*Data to examine*:
--------
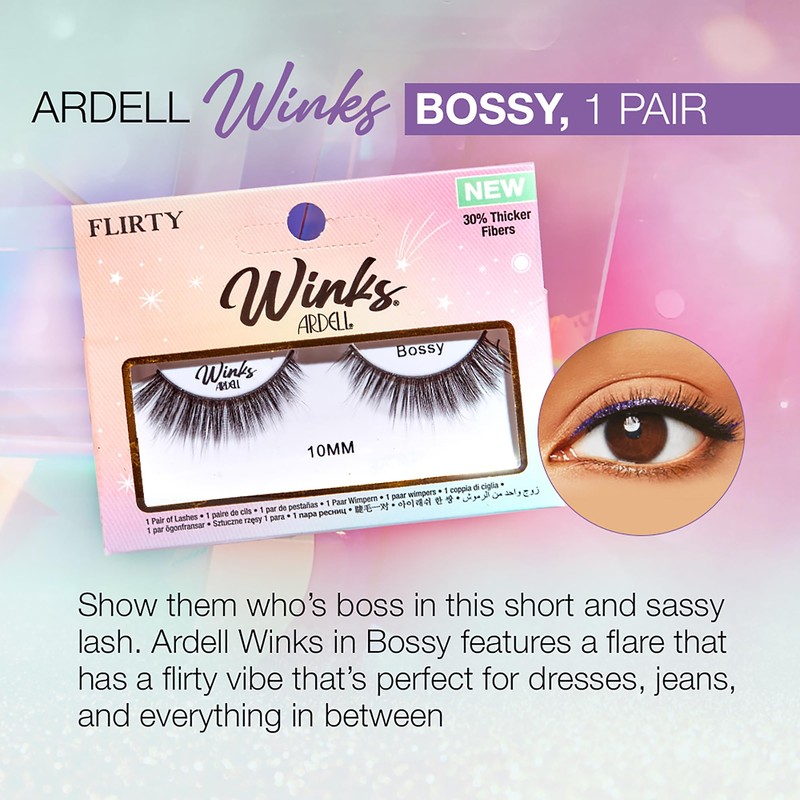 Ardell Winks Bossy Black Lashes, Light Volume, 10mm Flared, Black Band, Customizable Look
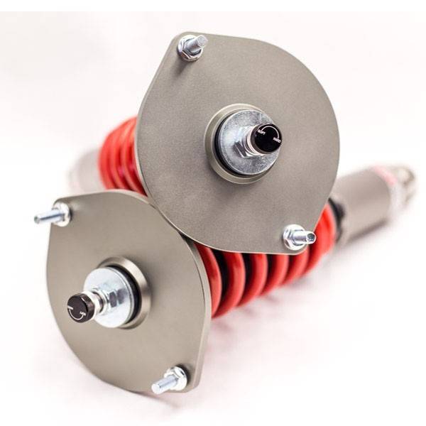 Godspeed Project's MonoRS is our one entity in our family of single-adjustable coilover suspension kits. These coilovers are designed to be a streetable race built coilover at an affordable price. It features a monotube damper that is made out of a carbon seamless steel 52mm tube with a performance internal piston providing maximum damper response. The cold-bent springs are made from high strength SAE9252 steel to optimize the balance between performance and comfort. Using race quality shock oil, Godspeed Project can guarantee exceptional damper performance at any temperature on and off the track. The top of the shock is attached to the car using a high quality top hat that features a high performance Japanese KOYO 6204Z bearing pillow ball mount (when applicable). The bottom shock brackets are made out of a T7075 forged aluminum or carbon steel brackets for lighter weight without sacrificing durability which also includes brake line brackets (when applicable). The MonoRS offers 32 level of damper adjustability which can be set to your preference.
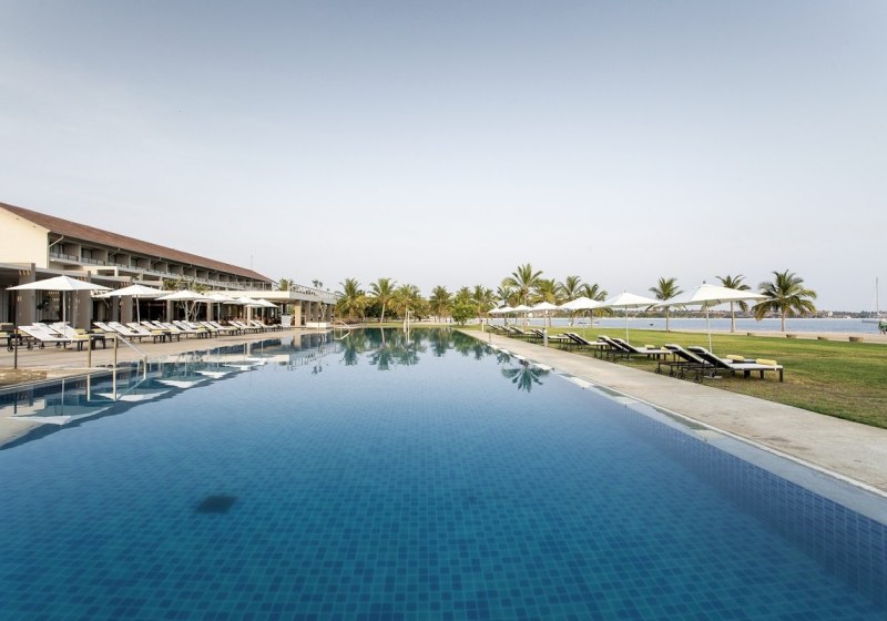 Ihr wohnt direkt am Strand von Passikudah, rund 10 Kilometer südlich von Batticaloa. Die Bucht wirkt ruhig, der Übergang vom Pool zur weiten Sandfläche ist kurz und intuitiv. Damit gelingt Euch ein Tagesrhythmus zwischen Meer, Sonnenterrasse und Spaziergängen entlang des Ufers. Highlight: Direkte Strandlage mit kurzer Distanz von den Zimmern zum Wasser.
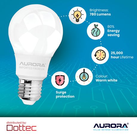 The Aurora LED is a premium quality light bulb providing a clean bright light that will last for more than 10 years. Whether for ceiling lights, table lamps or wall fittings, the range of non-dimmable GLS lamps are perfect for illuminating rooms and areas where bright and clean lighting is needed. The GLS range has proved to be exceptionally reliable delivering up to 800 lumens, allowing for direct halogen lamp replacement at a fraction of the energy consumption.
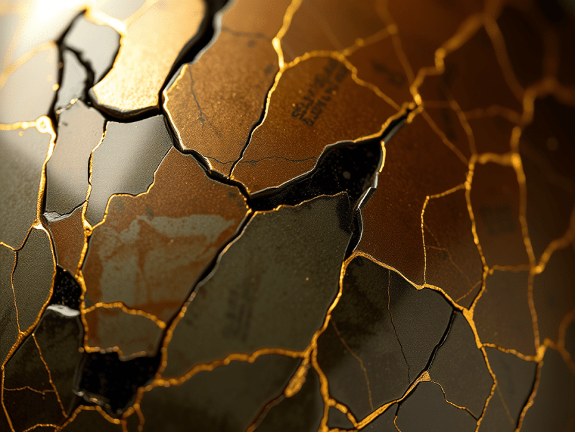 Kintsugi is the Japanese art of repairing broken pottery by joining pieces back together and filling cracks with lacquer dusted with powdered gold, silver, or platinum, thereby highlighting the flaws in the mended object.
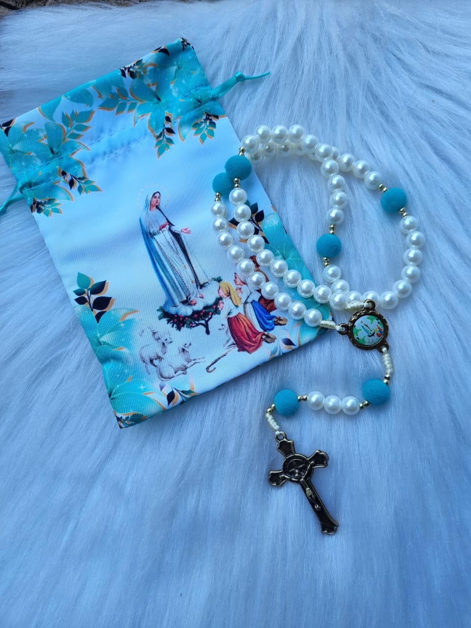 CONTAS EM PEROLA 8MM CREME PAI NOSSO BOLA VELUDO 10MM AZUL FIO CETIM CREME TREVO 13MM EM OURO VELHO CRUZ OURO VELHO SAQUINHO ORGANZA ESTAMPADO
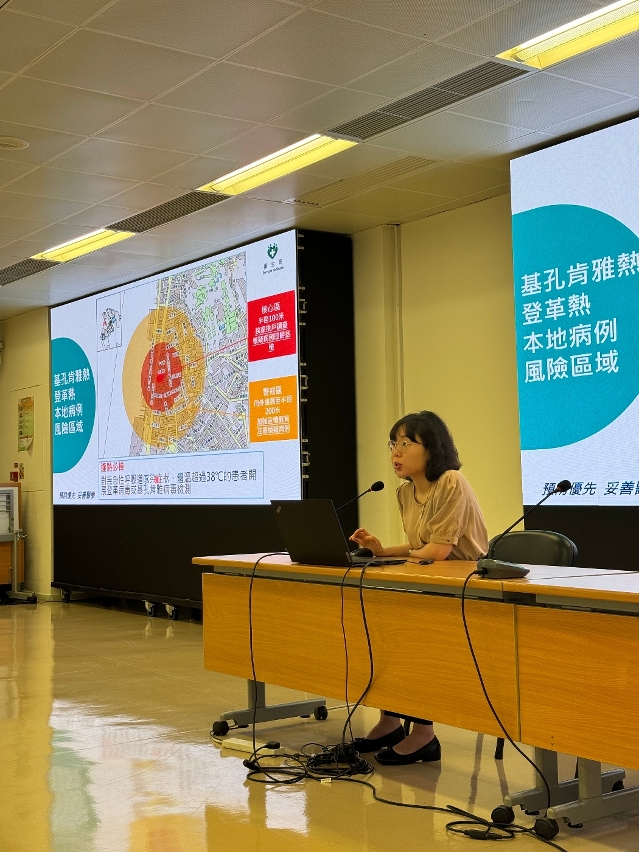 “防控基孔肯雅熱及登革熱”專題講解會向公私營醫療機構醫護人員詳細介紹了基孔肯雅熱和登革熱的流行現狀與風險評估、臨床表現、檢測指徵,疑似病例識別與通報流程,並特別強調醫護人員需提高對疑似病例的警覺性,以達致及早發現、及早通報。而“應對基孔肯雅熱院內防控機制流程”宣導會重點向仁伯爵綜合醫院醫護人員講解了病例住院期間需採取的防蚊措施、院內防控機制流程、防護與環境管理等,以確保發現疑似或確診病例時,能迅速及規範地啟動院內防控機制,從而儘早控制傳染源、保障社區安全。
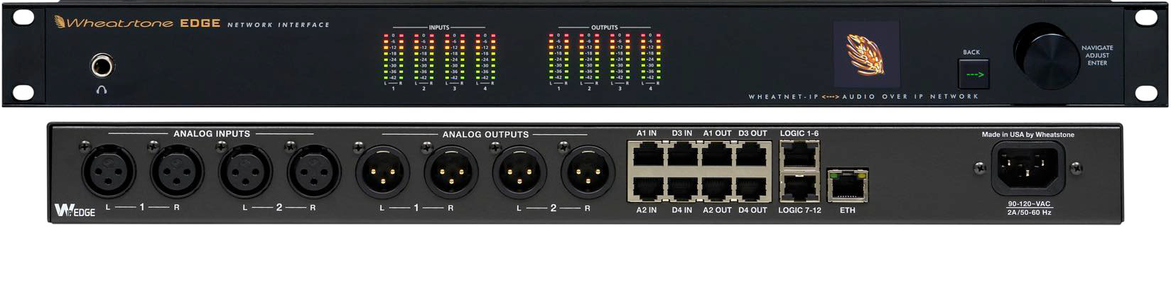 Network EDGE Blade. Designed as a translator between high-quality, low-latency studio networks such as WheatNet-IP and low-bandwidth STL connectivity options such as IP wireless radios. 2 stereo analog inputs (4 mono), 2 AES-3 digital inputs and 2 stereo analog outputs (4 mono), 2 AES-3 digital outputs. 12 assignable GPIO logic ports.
--------
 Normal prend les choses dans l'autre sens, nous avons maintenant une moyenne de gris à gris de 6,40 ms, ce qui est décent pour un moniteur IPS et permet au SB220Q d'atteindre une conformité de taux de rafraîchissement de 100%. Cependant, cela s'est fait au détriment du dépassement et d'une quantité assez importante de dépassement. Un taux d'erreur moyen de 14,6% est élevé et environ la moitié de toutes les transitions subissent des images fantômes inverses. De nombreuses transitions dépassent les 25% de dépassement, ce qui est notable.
--------
*Task item*: Return exactly the lines above, from the one with "CONTAS EM PEROLA" up to and including the one with "Network EDGE Blade.", and include no pictures.

*Exercise solution*:
 CONTAS EM PEROLA 8MM CREME PAI NOSSO BOLA VELUDO 10MM AZUL FIO CETIM CREME TREVO 13MM EM OURO VELHO CRUZ OURO VELHO SAQUINHO ORGANZA ESTAMPADO
 “防控基孔肯雅熱及登革熱”專題講解會向公私營醫療機構醫護人員詳細介紹了基孔肯雅熱和登革熱的流行現狀與風險評估、臨床表現、檢測指徵,疑似病例識別與通報流程,並特別強調醫護人員需提高對疑似病例的警覺性,以達致及早發現、及早通報。而“應對基孔肯雅熱院內防控機制流程”宣導會重點向仁伯爵綜合醫院醫護人員講解了病例住院期間需採取的防蚊措施、院內防控機制流程、防護與環境管理等,以確保發現疑似或確診病例時,能迅速及規範地啟動院內防控機制,從而儘早控制傳染源、保障社區安全。
 Network EDGE Blade. Designed as a translator between high-quality, low-latency studio networks such as WheatNet-IP and low-bandwidth STL connectivity options such as IP wireless radios. 2 stereo analog inputs (4 mono), 2 AES-3 digital inputs and 2 stereo analog outputs (4 mono), 2 AES-3 digital outputs. 12 assignable GPIO logic ports.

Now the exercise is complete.